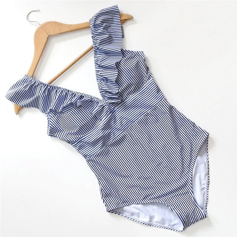 Women's one-piece swimsuit with a striped pattern. Straps and neckline adorned with ruffles. Available in multiple colour options.
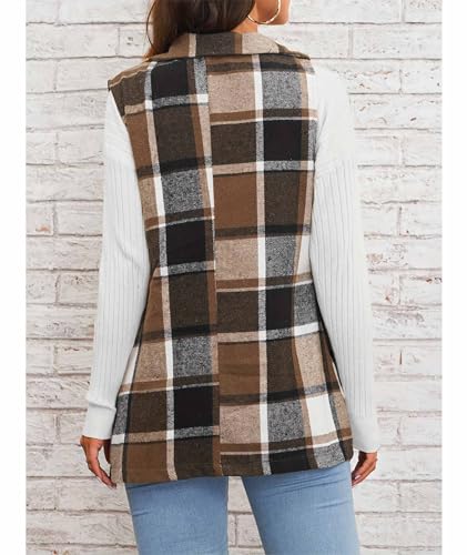 SEMATOMALA Women's Plaid Vest Christmas Cardigan Winter Fall Flannel Vest Sleeveless Blazer Jacket Long Shacket Vest 4
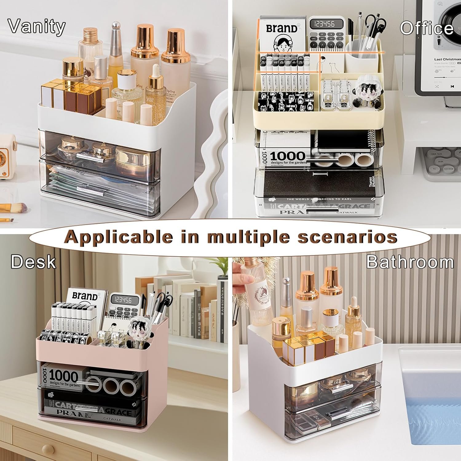 【Multi-purpose】This cosmetics organizer is perfect for dressing tables, bathroom counters, and office desks. It can not only store cosmetics and makeup tools, but also easily store skin care products, jewelry and even office supplies. It can be used as a vanity organizer, bathroom organizer and desk storage box, suitable for a variety of scenarios
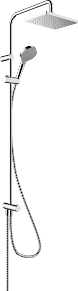 Sistemul de duș Hansgrohe Vernis Shape este destinat montajului extern și asigură reglarea precisă a temperaturii și a debitului de apă. Sistemul include duș fix Vernis Shape 230 1jet, duș de mână cu două tipuri de jet (Rain, IntenseRain), bară cu diametrul de 19 mm și suport pentru duș de 426 mm, reglabil pe înălțime.
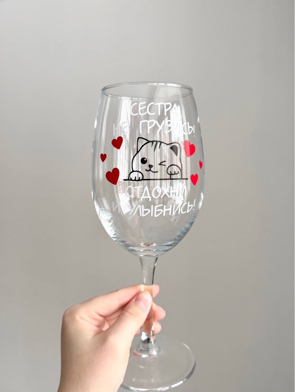 Бокал с надписью для сестры кошка №5042
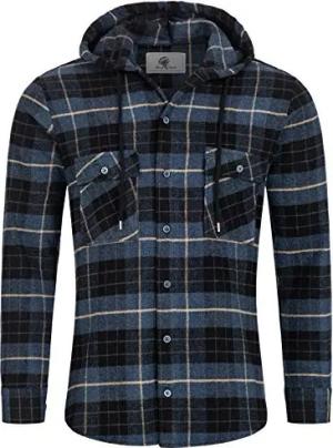 Herren Hemd Kariert Kapuzenhemd Karohemd Herrenhemd Flanell Hemden Holzfällerhemd Übergangsjacke Langarm Kariert Winter H-334 Blau S

· · · · · · ·

Only lines belong in the copy: transcribe those from the start of the data through the line that contains "SEMATOMALA Women's Plaid", and skip the pictures.

 Women's one-piece swimsuit with a striped pattern. Straps and neckline adorned with ruffles. Available in multiple colour options.
 SEMATOMALA Women's Plaid Vest Christmas Cardigan Winter Fall Flannel Vest Sleeveless Blazer Jacket Long Shacket Vest 4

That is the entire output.